The preparation method of the polyester modified phenyl organosilicon comprises the following steps:

to one mounting machineIntroducing nitrogen into a reaction kettle with a mechanical stirring device, a condenser pipe, a thermometer and a kettle bottom vent hole, and then respectively adding 10.6 parts of ethylene glycol monoallyl ether and 100 parts of HMe with the average general formula₂SiO(SiMe₂O)₁₀(PhSiMeO)₅₀(HSiMeO)₅SiMe₂H phenyl hydrogen polysiloxane (hydrogen content 0.086%), heating to 60 deg.C, adding 0.14 part of isopropanol solution of platinum-vinyl siloxane chelate with mass fraction of 2% in two batches, heating to 120 deg.C, stirring to react for 4 hr, and removing excessive ethylene glycol monoallyl ether under vacuum of less than-0.095 MPa to obtain light yellow oily substance as organic silanol intermediate;

then maintaining nitrogen environment, adding 155.2 parts of caprolactone and n-butyl zirconium accounting for 3 wt% of the total mass of the raw materials into the organic silane-based alcohol intermediate, carrying out heat preservation reaction at 130 ℃, monitoring the caprolactone residue in the system by adopting an HPLC external standard method, finishing the reaction when the caprolactone content is less than 0.5 wt% to obtain light yellow polyester modified phenyl organosilicon,¹H-NMR confirmed the structure as follows:

wherein the content of the first and second substances,

the above description is only for the purpose of illustrating the preferred embodiments of the present invention and is not to be construed as limiting the invention, and any modifications, equivalents, improvements and the like that fall within the spirit and principle of the present invention are intended to be included therein.

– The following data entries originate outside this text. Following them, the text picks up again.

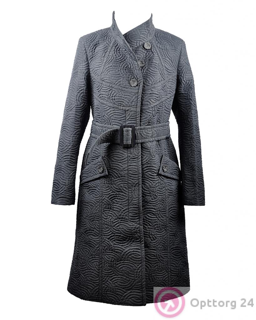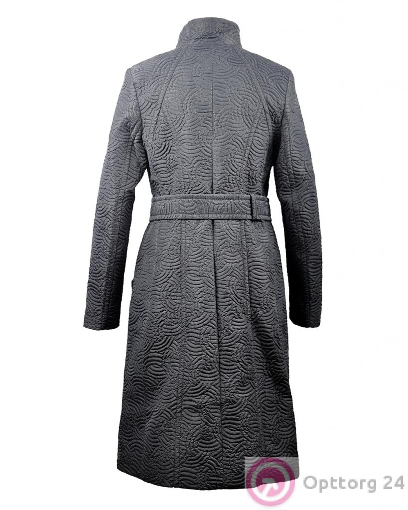 Пальто женское демисезонное дымчато-серое с узором на ткани оптом
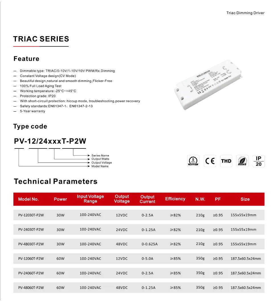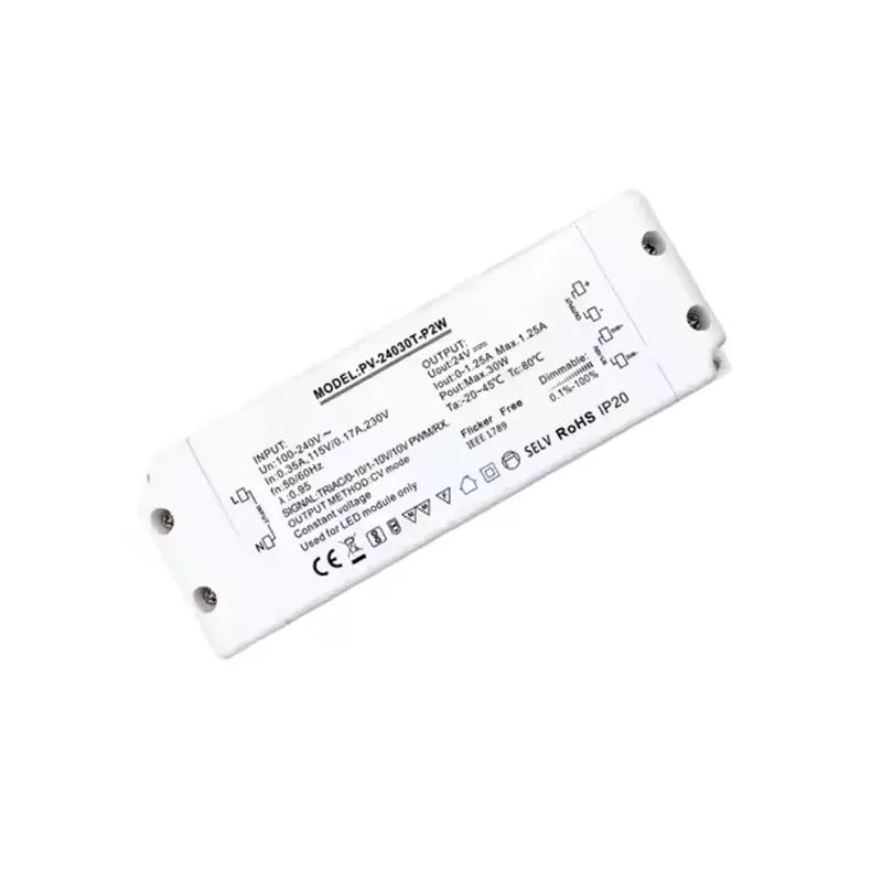 TRIAC 0-10V himmennettävä 30W vakiojännitevirtalähde, Starwell tarjoaa 5 vuoden takuun pitkän aikavälin laadunvarmistukselle. Sen kaikki ydinkomponentit on valmistettu teollisuusstandardien mukaisesti, ja niissä on erinomainen ylijännitekestävyys, korkeiden lämpötilojen kestävyys ja pitkäaikainen käyttövarmuus. Tämä 30 W:n vakiojännitteinen TRIAC-himmentävä LED-ohjain, joka yhdistää kaksimoodihimmennyksen, tasaisen jännitteen ulostulon, välkkymättömän tekniikan ja pitkän käyttöiän, on erinomainen valinta niille, jotka etsivät korkealaatuisia valaistustehosteita. Tervetuloa tiedustelemaan.
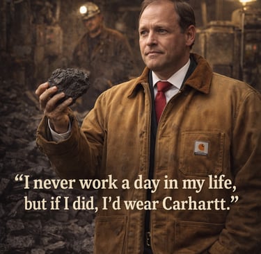In the end, this isn’t about fashion. It’s about symbolism. Carhartt protects against wind, rain, and job-site hazards. In politics, it protects against being mistaken for what you actually are: a full-time officeholder trying very hard to look like you just clocked out of a double shift.
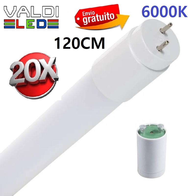 Pack de 20 Tubos Led T8 120cm 18W de Cristal 6000k con Conexión un Lateral y Envío Gratis.

And (3) performance testing:

the following tests were performed on samples prepared in examples 1-6 and on commercially available silica gel heating materials prepared from pure fluorocarbon adhesives, and the results are shown in Table 1 below:

adhesion force: testing the 90-degree peeling force (the sample width is 2.5cm, and the peeling speed is 10mm/min) between the glass fiber cloth layer and the silica sulfide layer by adopting a CMT8202 type electronic universal testing machine;

flame retardancy: the samples were tested according to GB/T2408-;

instantaneous high temperature resistance: baking in a muffle furnace at 400 ℃/10s to observe the yellowing of the appearance;

thermal conductivity: testing was performed according to ASTM D5470.

TABLE 1

The data show that the composite material for manufacturing the heat-vulcanized silica gel heater has excellent high-temperature resistance, and in addition, the adhesive force of the combination between the glass fiber layer and the vulcanized silica gel layer is obviously improved, the flame retardant effect is good, the heat conduction effect is outstanding, the cost is low, and the application prospect is good.